The following is a brief introduction to flag bits.

• FIN: indicates whether this frame is the last frame of a message.
• RSV1.RSV2.RSV3: The value is 0 if there is no extension to define these extra flag bits.
• opencode: A 4-bit hexadecimal number represents the type of transmission frame.
  • x0: This is a subsequent frame.
  • x1: indicates that this frame transmits text.
  • x2: indicates that this frame transmits binary content.
  • x8: indicates that a connection is closed.
  • x9: indicates a ping.
  • xA: indicates a pong.
  • The remaining values are reserved options. Currently, if the flag bit is X8, X9, or xA, the frame is a control frame.
• PayLoad Length: represents the net load length of this frame. If the length is greater than 127, a subsequent extension of 16 or 64 bits is required. If the flag bit indicates a length of 126, the following 16 bits are used to indicate the length. If the flag bit value is 127, the following 64 bits are used to indicate the length. So the length is either less than or equal to 125, or 126 plus 16 bits, or 127 plus 64 bits.
• Masking-key: When the client sends a frame to the server, this flag is used to mask the net load.
• Payload Data: The load clearing portion of the frame. Can actually be divided intoExtention DataandApplication Data(in order), but if the negotiation does not make any extension, thenExtention DataLength is 0. I don’t want to distinguish between the two.

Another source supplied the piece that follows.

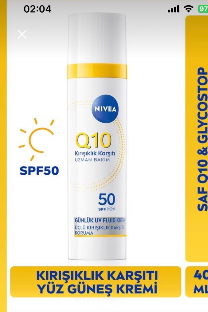 Nivea Q10 kırışıklık karşıtı yüz güneş kremi, SPF50 koruma ve günlük UV koruma sağlar. Cildi korur ve kırışıklıklarla savaşır. ☀️ 1 kez kullanıldı

Part of RFC 6455 frame format is as follows:

1. If there are no frames, thenFin= 1 andopencode! = 0.
2. The frame message contains: header frame (Fin= 0,opencode! =0), middle (Fin= 0,opencode=0), endframe (Fin= 1,opencode= 0). In the case of only two frames, there are only the first and last frames.
3. The message sender must send frames in an ordered order. Unless the extension of the protocol specifies how to process out-of-order frames.
4. In order to ensure that the other party can respond to the control frame in time, so the control frame can be inserted in the general message frame sent.
5. The control frame is not allowed to split frames.
6. Regardless of how both parties extend the WebSocket protocol, both parties must be able to handle receiving framed and unframed messages.
7. The sender can frame the message at any block size.
8. All frames in a message must be of one frame type, either binary or text.

WebSocket event

WebSocket defines what action should be taken when a connection is established, a message is received, an error occurs, and the connection is closed.

• onopen: specifies the action (or callback function) to take when the WebSocket connection succeeds.
• onmessage: Specifies the action to be taken after receiving a message from the peer.
• onerror: Specifies the action to be taken when the connection fails.
• onclose: Specifies the action to take when the connection is closed.

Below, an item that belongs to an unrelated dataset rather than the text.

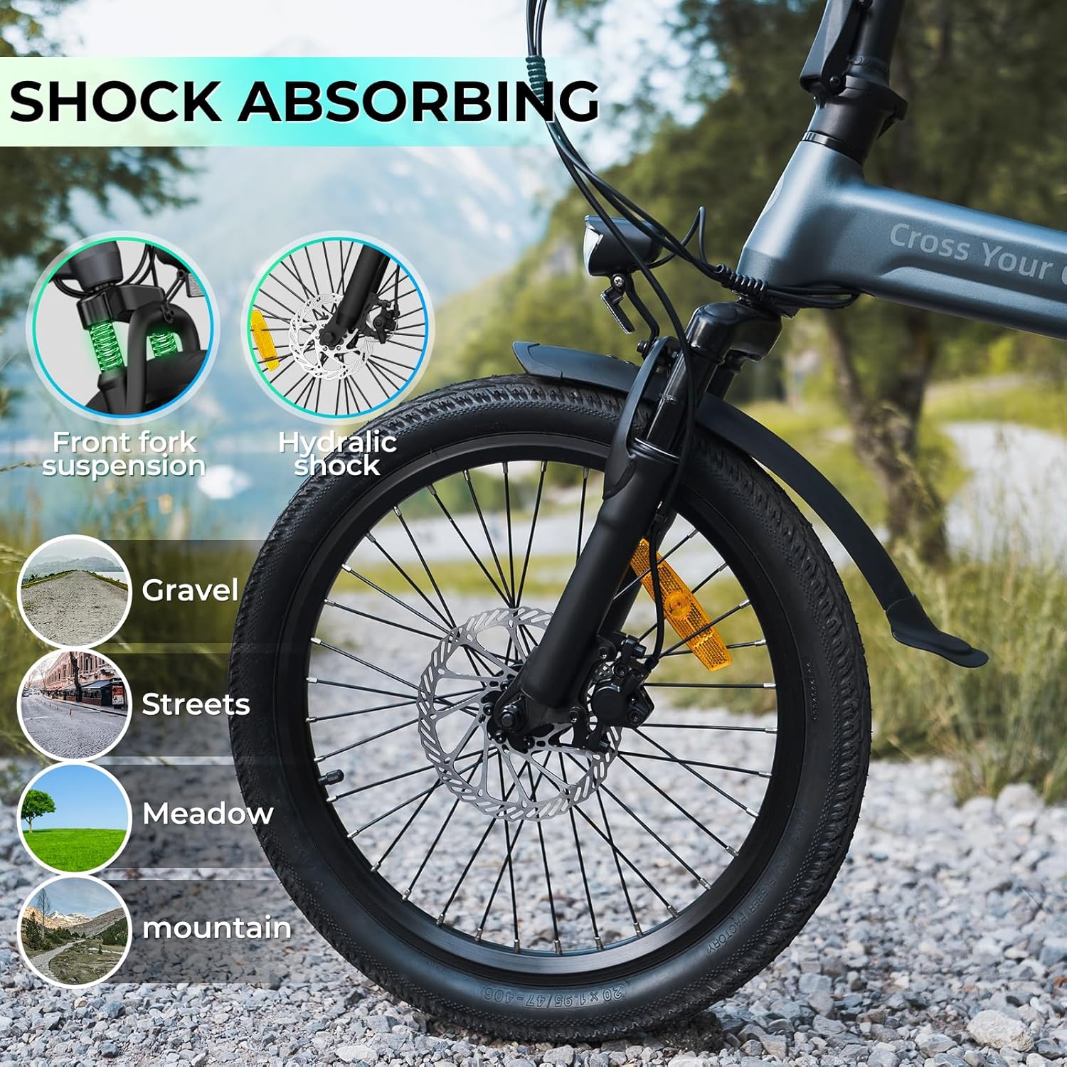 La sécurité de nos utilisateurs est primordiale, c’est pourquoi notre Vélo Électrique Pliant Roues 26 pouces est équipé de freins à disque hydrauliques sur les roues avant et arrière. Ce système de freinage avancé offre une puissance d’arrêt supérieure et un contrôle amélioré, particulièrement dans des conditions difficiles. Les freins hydrauliques dissipent la chaleur de manière plus uniforme et ont une durée de vie prolongée par rapport aux freins mécaniques. De plus, la fourche avant est dotée d’une suspension qui absorbe efficacement les chocs, garantissant une conduite stable et agréable sur diverses surfaces.

Implementations vary in JavaScript, Java, Python, and other languages, and the actions taken by each event depend on the business logic the application is implementing, so I won’t describe them too much here.

WebSocket is not a replacement for any one technology

For any technology, we need to put it in context of a usage scenario.

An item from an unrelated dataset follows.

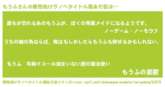 | 女子向けラノベタイトル風あだ名 | 『もうふの婚約者』『死神もうふの再婚』 |

The classic HTTP protocol has been around for decades, and various specialized optimization mechanisms are well established. WebSocket is essentially a stand-alone protocol based on TCP (HTTP is used only to establish connections) : this means that it abandons many of the services supported by browsers and requires applications to provide their own implementations. From the message frames, we can see that WebSocket has “white space” in many places.

WebSocket is designed in a very different way from the short connection HTTP that many Web servers and their proxies and intermediaries maintain. Long connections and idle sessions consume memory and socket resources on all intermediate devices and servers and are costly. This is a challenge for WebSocket, SSE, or HTTP/2.

In addition, not all clients are able to support the WebSocket protocol and even block WebSocket traffic on some networks. At this point, as the designer of the product, it is necessary to prepare some standby means to ensure the normal operation of the service…… For example, node.js based socket. IO is a good choice because its library functions provide a means to “degrade communication” if the WebSocket protocol is not available.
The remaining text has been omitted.